= DATA FOR ANALYSIS =
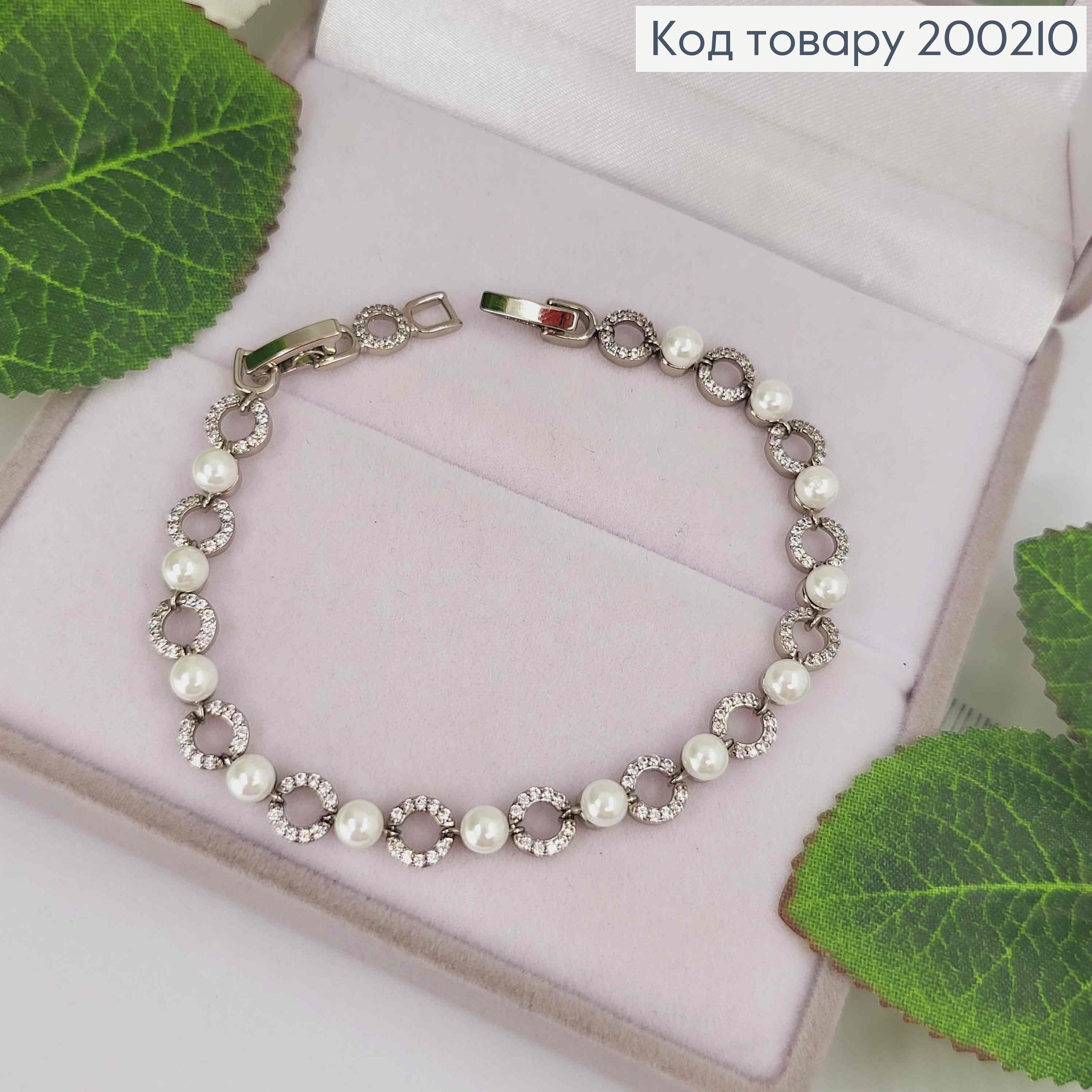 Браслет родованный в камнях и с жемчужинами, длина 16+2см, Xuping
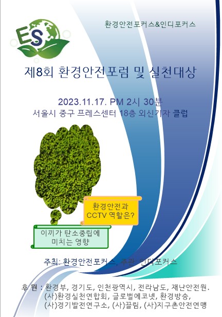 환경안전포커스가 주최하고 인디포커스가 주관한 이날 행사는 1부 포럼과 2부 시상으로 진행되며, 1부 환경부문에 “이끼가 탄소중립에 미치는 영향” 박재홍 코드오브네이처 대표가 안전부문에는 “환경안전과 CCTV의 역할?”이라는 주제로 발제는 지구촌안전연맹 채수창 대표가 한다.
---
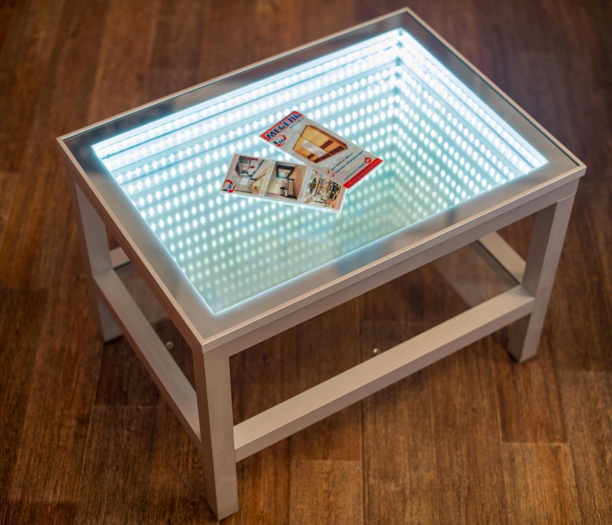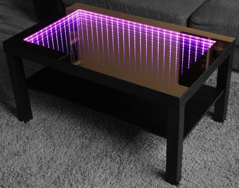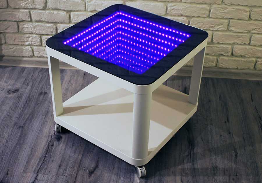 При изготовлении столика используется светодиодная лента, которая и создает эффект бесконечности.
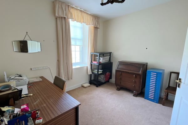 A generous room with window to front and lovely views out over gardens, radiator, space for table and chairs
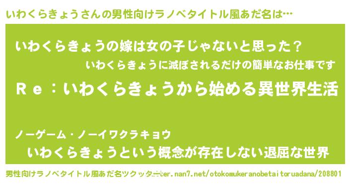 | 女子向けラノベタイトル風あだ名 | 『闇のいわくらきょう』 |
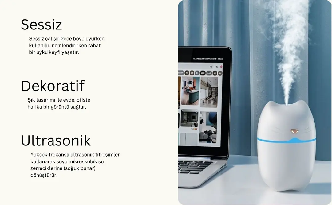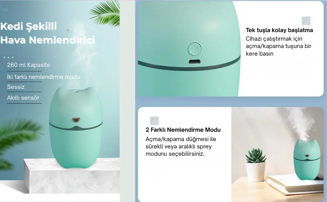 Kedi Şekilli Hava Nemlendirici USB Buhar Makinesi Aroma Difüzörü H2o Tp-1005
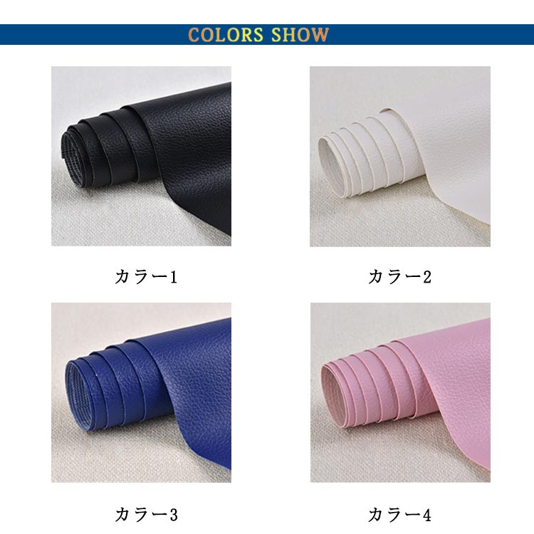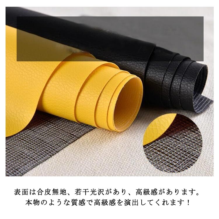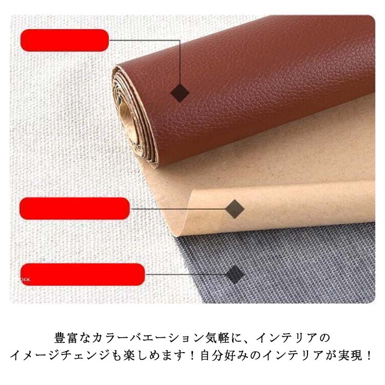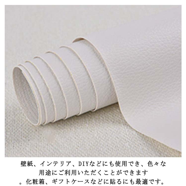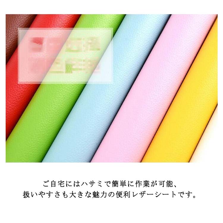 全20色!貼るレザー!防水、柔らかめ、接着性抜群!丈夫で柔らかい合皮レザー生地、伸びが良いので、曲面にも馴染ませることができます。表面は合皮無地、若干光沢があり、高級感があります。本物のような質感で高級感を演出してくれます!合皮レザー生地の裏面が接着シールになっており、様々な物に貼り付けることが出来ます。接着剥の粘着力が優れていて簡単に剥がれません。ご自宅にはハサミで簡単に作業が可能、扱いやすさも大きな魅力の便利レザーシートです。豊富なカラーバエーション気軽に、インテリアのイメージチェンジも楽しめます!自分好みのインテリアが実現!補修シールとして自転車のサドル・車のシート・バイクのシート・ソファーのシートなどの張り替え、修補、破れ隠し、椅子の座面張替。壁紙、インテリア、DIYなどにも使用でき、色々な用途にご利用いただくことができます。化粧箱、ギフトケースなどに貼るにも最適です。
==
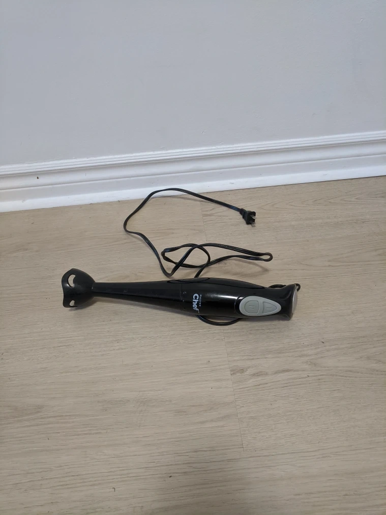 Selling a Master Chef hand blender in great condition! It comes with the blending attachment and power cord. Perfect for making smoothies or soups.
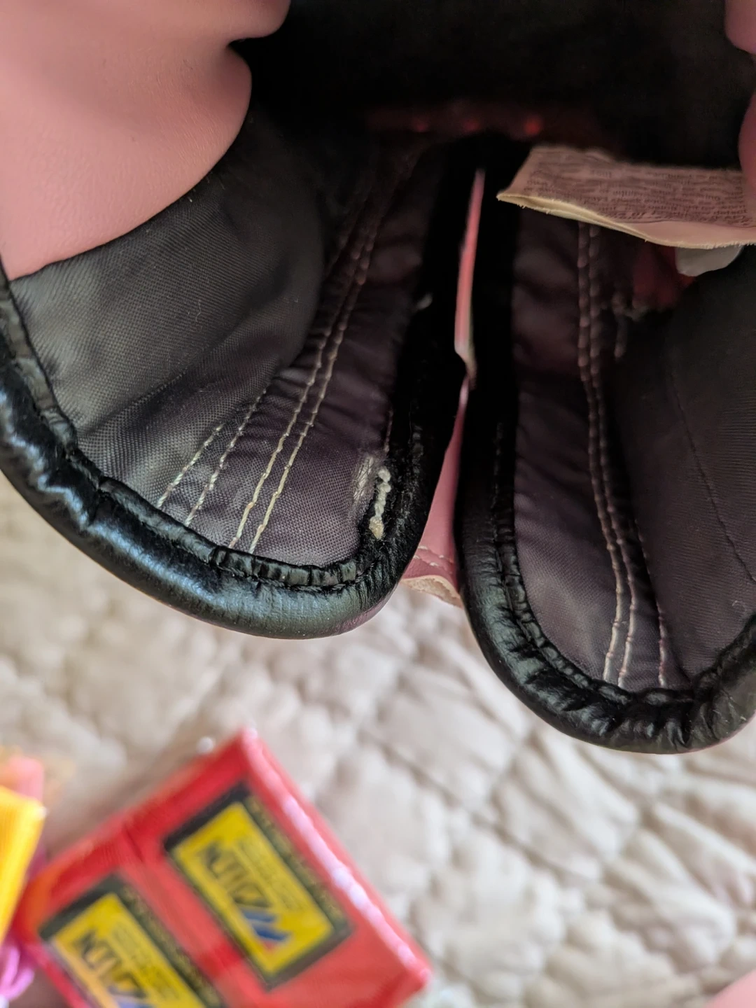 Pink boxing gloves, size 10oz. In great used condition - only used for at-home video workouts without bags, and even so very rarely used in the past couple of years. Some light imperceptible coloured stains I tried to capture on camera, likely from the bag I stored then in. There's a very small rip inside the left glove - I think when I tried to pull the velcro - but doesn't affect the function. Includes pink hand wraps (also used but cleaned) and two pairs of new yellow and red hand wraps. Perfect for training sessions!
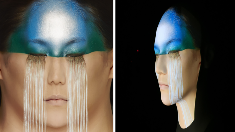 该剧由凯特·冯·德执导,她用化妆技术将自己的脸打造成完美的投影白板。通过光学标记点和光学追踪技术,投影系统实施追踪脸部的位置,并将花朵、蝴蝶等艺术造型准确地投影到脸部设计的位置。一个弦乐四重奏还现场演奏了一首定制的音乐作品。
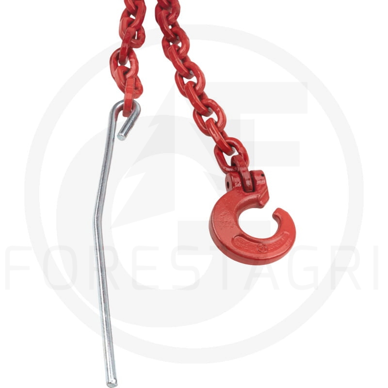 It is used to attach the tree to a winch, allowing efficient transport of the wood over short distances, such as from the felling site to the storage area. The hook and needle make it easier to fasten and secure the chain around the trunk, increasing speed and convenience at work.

= EXERCISE BRIEF =
From the data above, return exactly the lines from the one with "Браслет родованный в" up to and including the one with "환경안전포커스가 주최하고 인디포커스가". Pictures do not go in the copy.

= COMPLETED EXERCISE =
 Браслет родованный в камнях и с жемчужинами, длина 16+2см, Xuping
 환경안전포커스가 주최하고 인디포커스가 주관한 이날 행사는 1부 포럼과 2부 시상으로 진행되며, 1부 환경부문에 “이끼가 탄소중립에 미치는 영향” 박재홍 코드오브네이처 대표가 안전부문에는 “환경안전과 CCTV의 역할?”이라는 주제로 발제는 지구촌안전연맹 채수창 대표가 한다.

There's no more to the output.